Twist Elissa, Lawrence Dana J, Salsbury Stacie A, Hawk Cheryl
Palmer Center for Chiropractic Research, 741 Brady Street, Davenport, IA 52803 USA.
Palmer College of Chiropractic, 1000 Brady St., Davenport, IA 52803 USA.
Chiropr Man Therap. 2014 Dec 10;22(1):40. doi: 10.1186/s12998-014-0040-9. eCollection 2014.
Informed consent documents (ICD) in research are designed to educate research participants about the nature of the research project in which he or she may participate. United States (US) law requires the documents to contain specific elements present and be written in a way that is understandable to research participants. The purpose of this research is to determine if ICDs from randomized controlled trials conducted at chiropractic colleges meet recommended readability standards and contain the 13 content items required by US law.

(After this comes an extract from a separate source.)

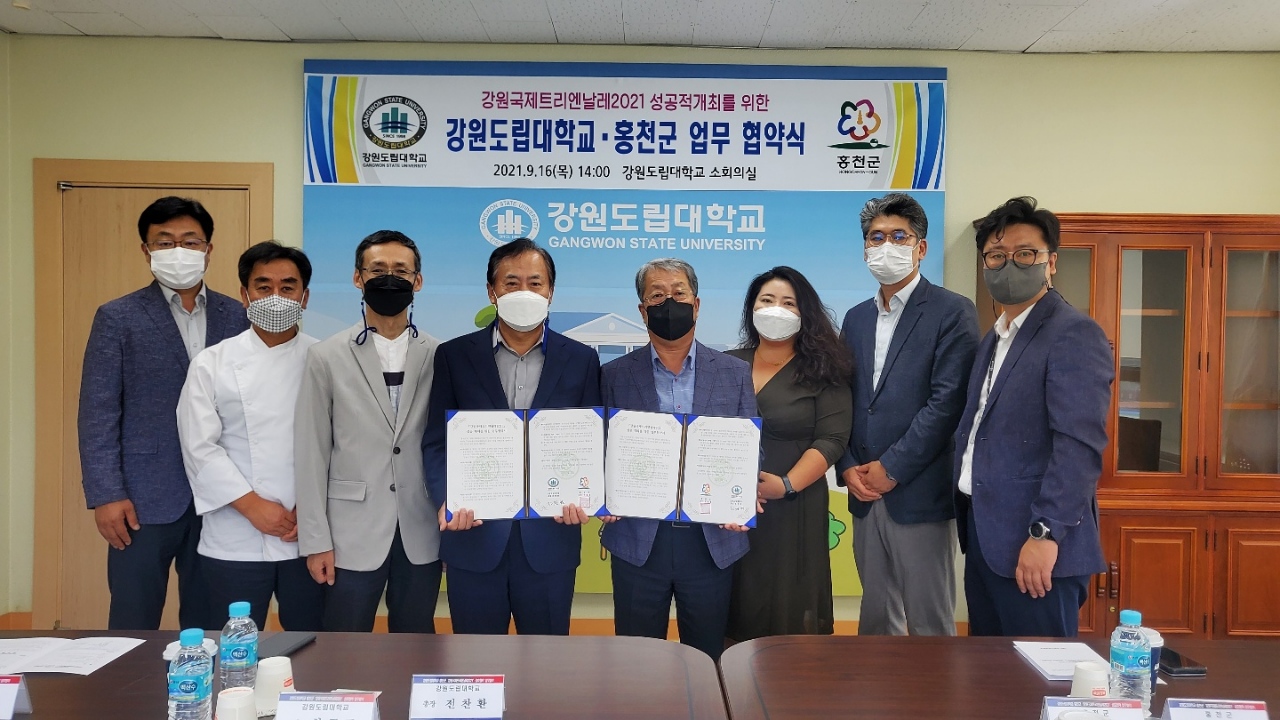 [강원사회복지신문 이정환 기자]=바리스타제과제빵과, 홍천의 특산품을 이용한 젤라또 개발 및 행사장 커피·젤라또 판매 지원 등 강원도립대학교(총장 전찬환)는 성공적인 강원국제트리엔날레 2021 행사운영 지원을 위해 지난 9월 16일(목) 홍천군과 업무협약에 나섰다. 강원국제트리엔날레2021은 2018평창동계올림픽 레거시...

This study was approved by Palmer College of Chiropractic's IRB #2012-12-3-T and was conducted between December 3, 2012 and February 14, 2013. We contacted the research directors of five chiropractic colleges that have received federal funding supporting their clinical research. A total of 13 informed consent documents from four chiropractic colleges were analyzed using the Flesch-Kincaid measurement. We assigned a grade-level readability score to the document based on the average of three separate grade level scores conducted on the three largest uninterrupted blocks of text. Content of the 13 ICDs was assessed using a 13-element checklist. A point was given for every element present in the document, giving a score range of "0, no elements are present", to "13, all elements are present."

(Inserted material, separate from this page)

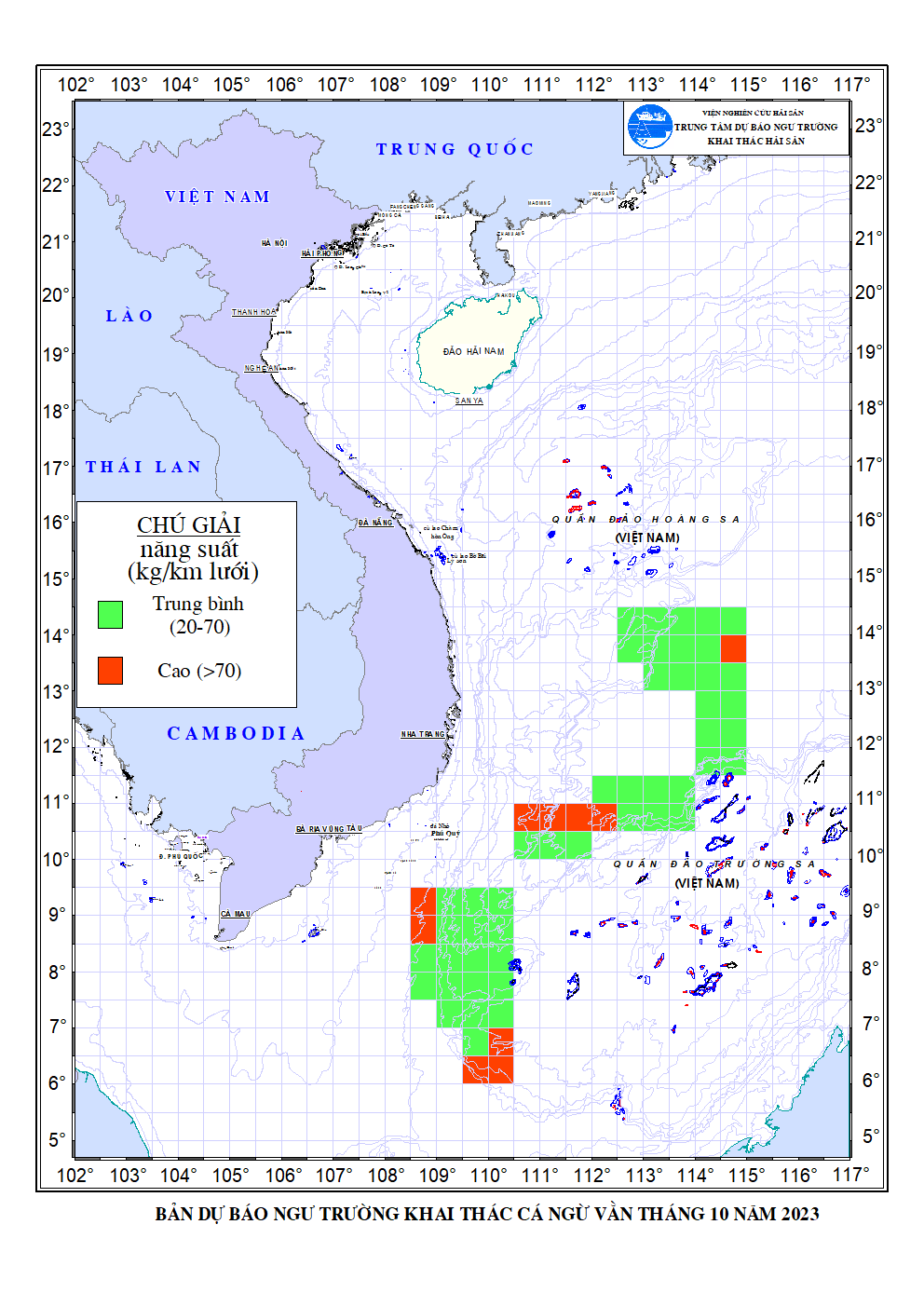 Trang nhất/ Dự báo khai thác theo đối tượng Dự báo ngư trường cá ngừ vằn tháng 10/2023 Mùa vụ: Vụ Bắc () | Năm dự báo: 2023 | Tháng dự báo: 10/2023 Đối tượng dự báo: Cá ngừ vằn Cơ quan dự báo: Trung tâm Dự báo ngư trường Khai thác hải sản

The mean Flesch-Kincaid grade level readability was 10.8 (range 7.2 -14.0). Our sample had a mean readability score 2.8 grade levels above the generally-accepted US average reading level. Content varied among the 13 informed consent forms, ranging from only nine elements present in one document to all 13 required in five documents. Additionally, we collated the risks presented in each document.
These results strongly suggest that chiropractic clinical researchers are not developing ICDs at a readability level congruent with the national average acceptable level. The low number of elements in some of the informed consent documents raises concern that not all research participants were fully informed when given the informed consent, and it may suggest that some documents may not be in compliance with federal requirements. Risk varies among institutions and even within institutions for the same intervention.
研究中的知情同意文件(ICD)旨在向研究参与者介绍其可能参与的研究项目的性质。美国法律要求这些文件包含特定要素,并以研究参与者能够理解的方式撰写。本研究的目的是确定脊椎按摩疗法学院进行的随机对照试验中的知情同意文件是否符合推荐的可读性标准,并包含美国法律要求的13项内容。
本研究经帕默脊椎按摩疗法学院的IRB #2012 - 12 - 3 - T批准,于2012年12月3日至2013年2月14日进行。我们联系了五所获得联邦资金支持其临床研究的脊椎按摩疗法学院的研究主任。使用弗莱什 - 金凯德测量法对四所脊椎按摩疗法学院的总共13份知情同意文件进行了分析。我们根据对三个最大的不间断文本块进行的三个单独年级水平分数的平均值为文件分配一个年级水平可读性分数。使用13要素清单评估13份知情同意文件的内容。文件中每出现一个要素得一分,得分范围从“0,无要素”到“13,所有要素”。
弗莱什 - 金凯德年级水平可读性平均为10.8(范围7.2 - 14.0)。我们的样本的平均可读性分数比美国普遍接受的平均阅读水平高2.8个年级。13份知情同意书的内容各不相同,从一份文件中仅出现9个要素到五份文件中出现所有13个要求的要素。此外,我们整理了每份文件中呈现的风险。
这些结果强烈表明,脊椎按摩疗法临床研究人员所制定的知情同意文件的可读性水平与全国平均可接受水平不一致。一些知情同意文件中的要素数量较少,这引发了人们对并非所有研究参与者在签署知情同意书时都得到充分告知的担忧,并且可能表明一些文件可能不符合联邦要求。不同机构之间甚至同一机构内针对相同干预措施的风险也有所不同。